|Sentiment Index - Level||89.5||87.5 to 93.0||92.1||87.2|
The weekly consumer comfort index, which is on its best run in six years, correctly signaled what is a big uptick for the twice monthly consumer sentiment index, which is up nearly 5 points to 92.1 for the best reading since mid-August when troubles in China first upset the financial markets. The current conditions component, which turns on ongoing changes in the labor market, is up very solidly, more than 5-1/2 points higher to 106.7. This hints at strength for October jobs and consumer spending. The expectations component, which turns on changes in the outlook for the labor market, is up 4-1/2 points to 82.7.

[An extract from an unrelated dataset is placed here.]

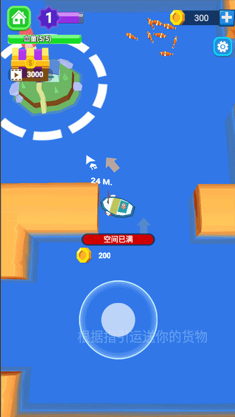 3、跟着游戏指引操作,将捕捞到的渔货运送到指定地点。
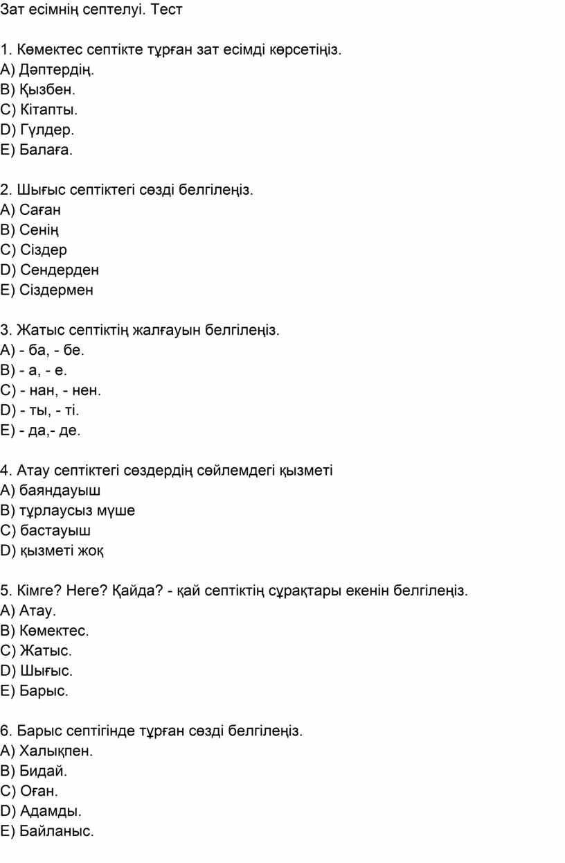ҚБ: Септіктер туралы біліп алды,оларға сұрақ қоя алады-1Б Дескриптор: Тест жауабына -1Б

There's been plenty of indications that prices are soft including inflation expectations in this report which are down 1 tenth for both the 1-year and 5-year outlooks, to 2.7 and 2.6 percent respectively. These readings, pulled lower by falling prices at the gas pump, will not be encouraging to Federal Reserve policy makers who are working to raise inflation expectations.
Inflation aside, this report is very good news, pointing to rising consumer spirits going into the all important holiday shopping season.
Market Consensus Before Announcement
Consumer sentiment showed the most reaction to market and global troubles in August and September, sinking noticeable from the low 90s to the mid-80s before bouncing back at the end of September to 87.2. A further 2-point bounce is expected for the October flash, to 89.5.
The University of Michigan's Consumer Survey Center questions 500 households each month on their financial conditions and attitudes about the economy. Consumer sentiment is directly related to the strength of consumer spending. Consumer confidence and consumer sentiment are two ways of talking about consumer attitudes. Among economic reports, consumer sentiment refers to the Michigan survey while consumer confidence refers to The Conference Board's survey. Preliminary estimates for a month are released at mid-month. Final estimates for a month are released near the end of the month.
The pattern in consumer attitudes and spending is often the foremost influence on stock and bond markets. For stocks, strong economic growth translates to healthy corporate profits and higher stock prices. For bonds, the focus is whether economic growth goes overboard and leads to inflation. Ideally, the economy walks that fine line between strong growth and excessive (inflationary) growth. This balance was achieved through much of the nineties. For this reason alone, investors in the stock and bond markets enjoyed huge gains during the bull market of the 1990s. Consumer confidence did shift down in tandem with the equity market between 2000 and 2002 and then recovered in 2003 and 2004. More recently, the credit crunch and surge in gasoline prices led confidence downward in 2007. Despite a drop in gasoline prices, 2008 saw sentiment near record lows due to recession, a precipitous fall in stock prices, and fragile credit markets. However, consumer sentiment helped to confirm the easing of recession during 2009 as this index slowly rose from earlier lows. One should be aware that this report is released to private subscribers several minutes prior to release to the media. This may account for occasional market activity just prior to public release.
Consumer spending accounts for more than two-thirds of the economy, so the markets are always dying to know what consumers are up to and how they might behave in the near future. The more confident consumers are about the economy and their own personal finances, the more likely they are to spend. With this in mind, it's easy to see how this index of consumer attitudes gives insight to the direction of the economy. Just note that changes in consumer confidence and retail sales don't move in tandem month by month.